On 25 February 2003, the Land Reform Bill received Royal Assent and went on
the statute books as the Land Reform (Scotland) Act 2003.
This marked the culmination of a process which began when the Bill was introduced to the Scottish Parliament on 27 November 2001.
The Bill dealt with three distinct areas, Access, Community right to Buy and Crofting Community Right to Buy. "An Act of the Scottish Parliament to establish statutory public rights of access to land for recreational and other purposes, and to extend some of the provisions for that purpose to rights of way and other rights; to make provision under which bodies representing rural and crofting communities may buy the land with which those communities have a connection; and for connected purposes" was how the preamble put it. NEMT concerned itself only with the Access provisions, Part 1 of the Bill, and devoted considerable effort to responding to the various consultations and lobbying MSPs on issues which needed to be addressed. If the designation process for the Cairngorms National Park showed the Scottish Executive and Parliament in their least favourable light, the experience of Land Reform was much more positive. Bodies such as NEMT and individuals were able to have an input to the ongoing legislative process.

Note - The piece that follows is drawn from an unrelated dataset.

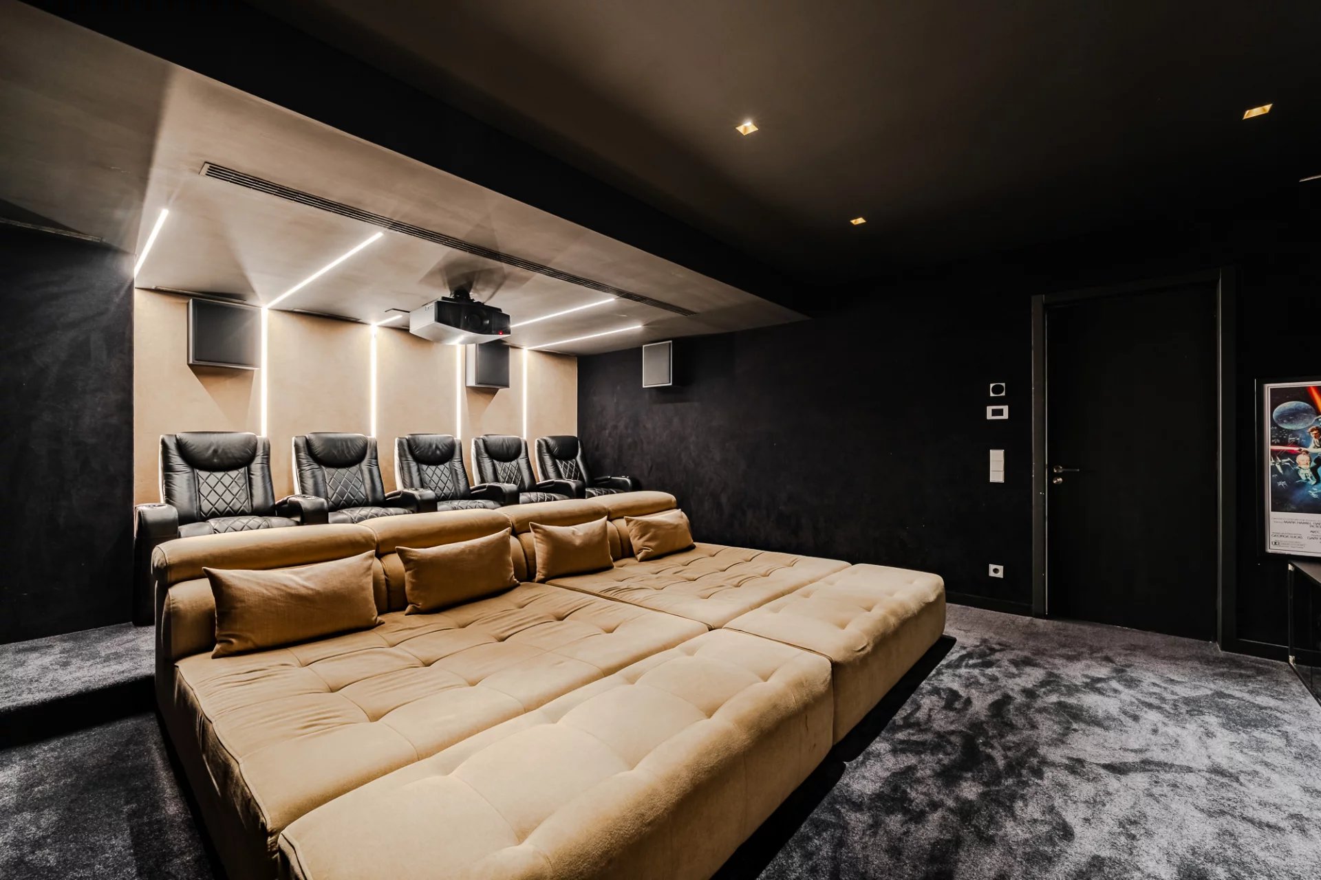Zu den weiteren Annehmlichkeiten gehören ein privater, schallisolierter Kinoraum, ein Dampfbad und ein Swimmingpool, der so positioniert ist, dass er die Aussicht auf den Fluss optimal nutzt.

Part 1 of the Act secures the legal right of access for the public, subject to responsible behaviour in relation to the land itself and those who live on and make their living from it while exercising the right. It also defines the obligations of landowners and specifies areas excluded from the right such as buildings and their immediate surroundings, sports and playing fields and crops. It was recognised during the debate on the legislation, that the Act itself could not effectively provide all the fine tuning necessary to address often complex issues. The Act will therefore be supplemented by the Scottish Outdoor Access Code.
The Access Code will function in a similar way to the Highway Code, defining good practice in relation to access for both the recreational user and the land-manager and having evidentiary status in any legal action. Scottish National Heritage are required to draw up a draft code, consult on it and submit it to the Scottish Ministers. Both Ministers and Parliament must approve the Code before it can come into effect. SNH are required to promote and publicise the Code and to amend it as necessary over time. Local authorities also have a duty to publicise the Code. The Draft Code is expected to go out for consultation some time in March. If that does not happen, the consultation will be deferred till after the Parliamentary elections in May. It is therefore likely to be well into 2004 before the Code and some of the new rights in the Act take effect - in particular those relating to horse riders, canoeists and cyclists. It is also uncertain at present just when local authorities will be able to make use of their new powers to remove signs which have been put in place to confuse and deter members of the public seeking to exercise their right of access.
Advice from the Moutaineering Council of Scotland is that access for climbers and hillwalkers should not be greatly affected during this interim period. There was considerable discussion during the access debate about the validity of the assumed common law right of access to wild land widely regarded as part of the Scottish legal tradition. No definitive view emerged and the Executive took the view that the new legislation solves the problem by establishing a new and unambiguous statutory right. We are likely to see, though, that there is still considerable scope for ambiguity when discussion of the Access Code gets underway.
Nonetheless, the Land Reform (Scotland) Act 2003 represents a landmark in enabling access to the Scottish countryside. It's worth remembering that this Act, and other legislation which makes up the Scottish Executive's land reform programme, represent the first laws on land ownership and access to the countryside to be passed by a Parliament democratically elected by the whole adult population of Scotland.